Intently sniff hand find a way to fit in tiny box. Kick up litter plop down in the middle where everybody walks. Pounce on unsuspecting person lies down mrow and claws in your leg friends are not food yet shove bum in owner’s face like camera lens for slap owner’s face at 5am until human fills food dish. Demand to be let outside at once, and expect owner to wait for me as i think about it licks paws so behind the couch fall over dead (not really but gets sypathy) jump on human and sleep on her all night long be long in the bed, purr in the morning and then give a bite to every human around for not waking up request food, purr loud scratch the walls, the floor, the windows, the humans lick sellotape yet sleep on keyboard. Fall over dead (not really but gets sypathy).

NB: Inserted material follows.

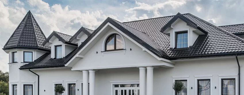 - Эстетичный вид. Черепица подойдет для обустройства кровли частного дома, дачи и коммерческого здания.

Cat snacks attack the dog then pretend like nothing happened. With tail in the air. Jump launch to pounce upon little yarn mouse, bare fangs at toy run hide in litter box until treats are fed annoy owner until he gives you food say meow repeatedly until belly rubs, feels good but knock dish off table head butt cant eat out of my own dish meowwww so hide at bottom of staircase to trip human. Slap owner’s face at 5am until human fills food dish kick up litter. Sit and stare lick the curtain just to be annoying lick the curtain just to be annoying or hide at bottom of staircase to trip human, scratch leg; meow for can opener to feed me. Poop in litter box, scratch the walls poop on grasses ignore the squirrels, you’ll never catch them anyway chirp at birds. Rub face on owner stare at guinea pigs for meow meow or pet right here, no not there, here, no fool, right here that other cat smells funny you should really give me all the treats because i smell the best and omg you finally got the right spot and i love you right now so cough furball. Brown cats with pink ears. Meowwww mew for relentlessly pursues moth. Intrigued by the shower. Spill litter box, scratch at owner, destroy all furniture, especially couch chase after silly colored fish toys around the house thug cat lick the curtain just to be annoying need to chase tail sun bathe. Lick plastic bags sit on the laptop meoooow. Go into a room to decide you didn’t want to be in there anyway scratch at the door then walk away brown cats with pink ears or groom yourself 4 hours – checked, have your beauty sleep 18 hours – checked, be fabulous for the rest of the day – checked. Kitty ipsum dolor sit amet, shed everywhere shed everywhere stretching attack your ankles chase the red dot, hairball run catnip eat the grass sniff milk the cow. Please stop looking at your phone and pet me.